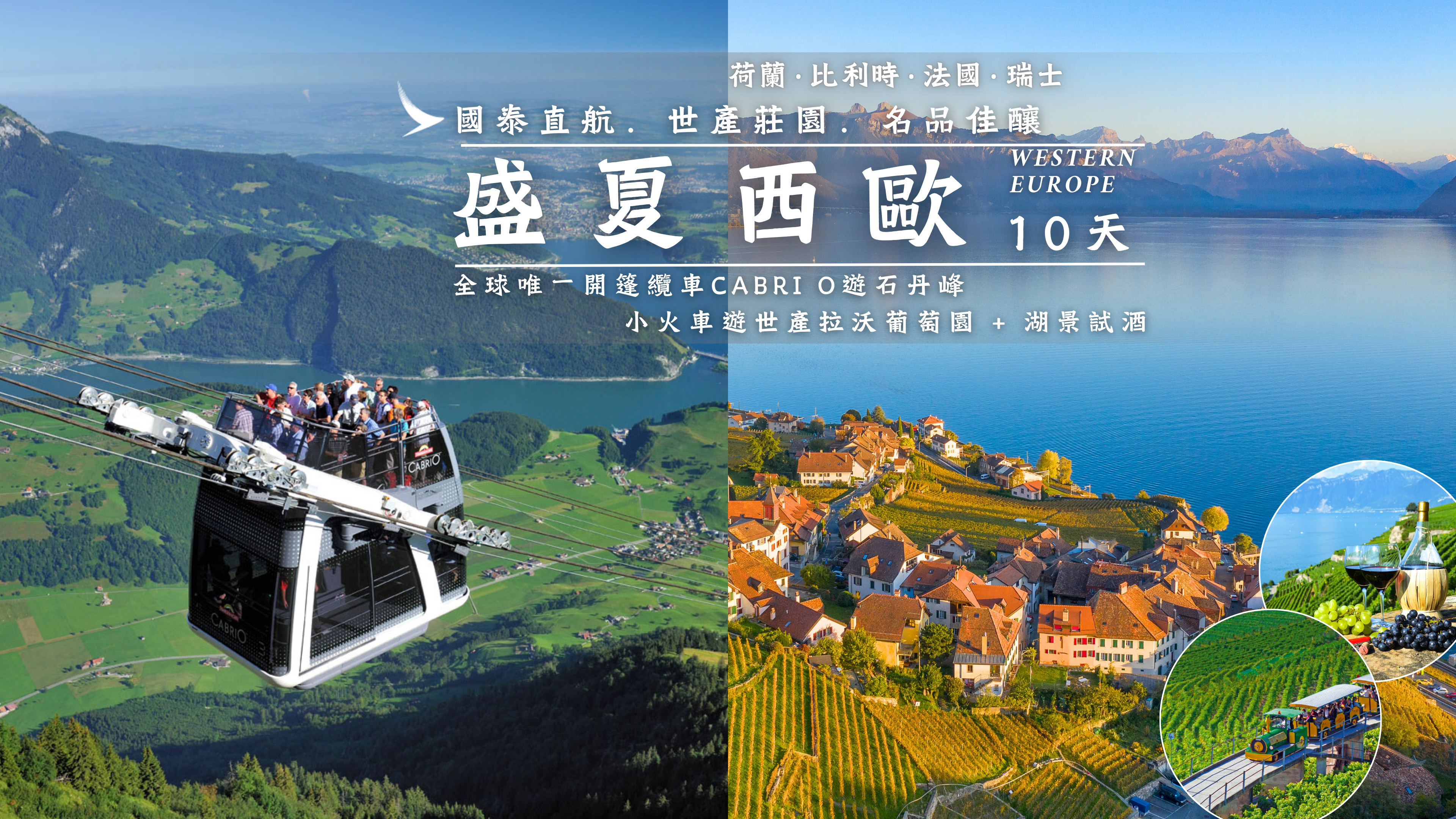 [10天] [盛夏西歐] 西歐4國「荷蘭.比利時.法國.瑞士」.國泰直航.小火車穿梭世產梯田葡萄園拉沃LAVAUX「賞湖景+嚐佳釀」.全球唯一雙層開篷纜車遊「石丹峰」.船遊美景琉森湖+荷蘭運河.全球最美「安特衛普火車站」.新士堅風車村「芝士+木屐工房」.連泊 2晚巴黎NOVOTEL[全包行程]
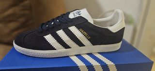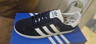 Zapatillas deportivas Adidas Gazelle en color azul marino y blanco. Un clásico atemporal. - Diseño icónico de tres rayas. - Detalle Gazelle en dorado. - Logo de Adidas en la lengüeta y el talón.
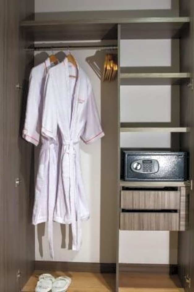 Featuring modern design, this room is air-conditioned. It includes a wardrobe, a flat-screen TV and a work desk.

Aim of the task: Starting at the line that holds "Zapatillas deportivas Adidas" and ending at the last line of the material above, repeat each line exactly, both ends included, and leave the pictures out.

Exercise answer:
 Zapatillas deportivas Adidas Gazelle en color azul marino y blanco. Un clásico atemporal. - Diseño icónico de tres rayas. - Detalle Gazelle en dorado. - Logo de Adidas en la lengüeta y el talón.
 Featuring modern design, this room is air-conditioned. It includes a wardrobe, a flat-screen TV and a work desk.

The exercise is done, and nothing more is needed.